----- MATERIAL FOR THIS EXERCISE -----
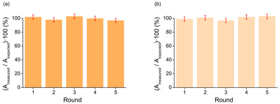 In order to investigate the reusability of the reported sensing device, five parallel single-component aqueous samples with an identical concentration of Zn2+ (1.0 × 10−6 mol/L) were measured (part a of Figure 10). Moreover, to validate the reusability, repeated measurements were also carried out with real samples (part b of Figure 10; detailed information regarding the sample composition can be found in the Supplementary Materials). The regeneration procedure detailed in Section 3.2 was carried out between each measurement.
-----
----- MATERIAL FOR THIS EXERCISE -----
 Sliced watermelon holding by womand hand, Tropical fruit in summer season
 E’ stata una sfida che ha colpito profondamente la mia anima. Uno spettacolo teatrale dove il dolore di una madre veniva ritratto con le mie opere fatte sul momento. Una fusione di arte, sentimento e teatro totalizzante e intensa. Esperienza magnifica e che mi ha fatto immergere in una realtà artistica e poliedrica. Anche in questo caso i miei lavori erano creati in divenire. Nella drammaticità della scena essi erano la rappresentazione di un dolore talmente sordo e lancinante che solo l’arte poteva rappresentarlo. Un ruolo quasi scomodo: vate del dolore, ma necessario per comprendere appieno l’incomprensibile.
-----
----- MATERIAL FOR THIS EXERCISE -----
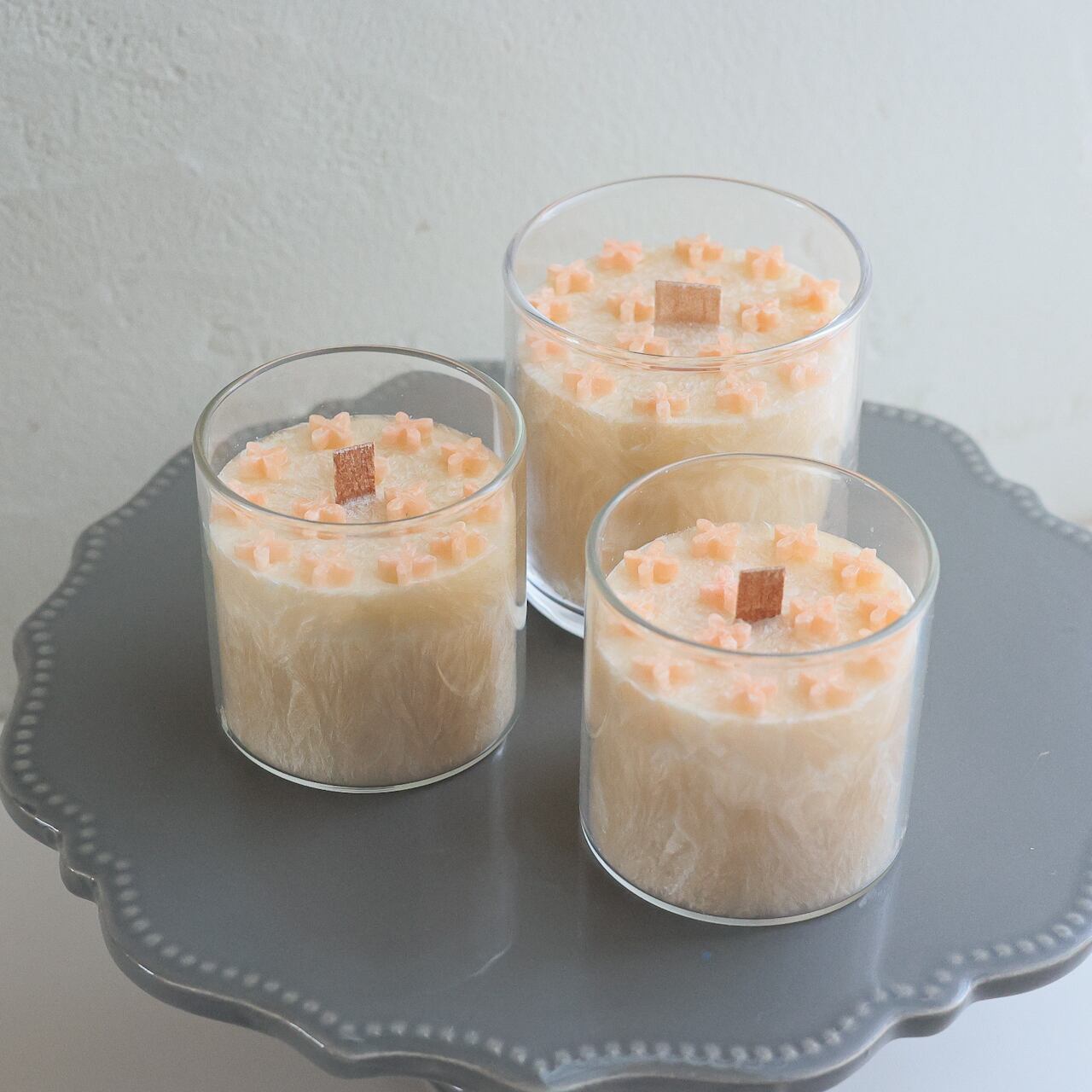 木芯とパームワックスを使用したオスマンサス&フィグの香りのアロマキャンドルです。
-----
▶ _BRIEF_
Print exactly the lines above from the one with "Sliced watermelon holding" to the one with "E’ stata una", including both.

▶ _COMPLETED EXERCISE_
 Sliced watermelon holding by womand hand, Tropical fruit in summer season
 E’ stata una sfida che ha colpito profondamente la mia anima. Uno spettacolo teatrale dove il dolore di una madre veniva ritratto con le mie opere fatte sul momento. Una fusione di arte, sentimento e teatro totalizzante e intensa. Esperienza magnifica e che mi ha fatto immergere in una realtà artistica e poliedrica. Anche in questo caso i miei lavori erano creati in divenire. Nella drammaticità della scena essi erano la rappresentazione di un dolore talmente sordo e lancinante che solo l’arte poteva rappresentarlo. Un ruolo quasi scomodo: vate del dolore, ma necessario per comprendere appieno l’incomprensibile.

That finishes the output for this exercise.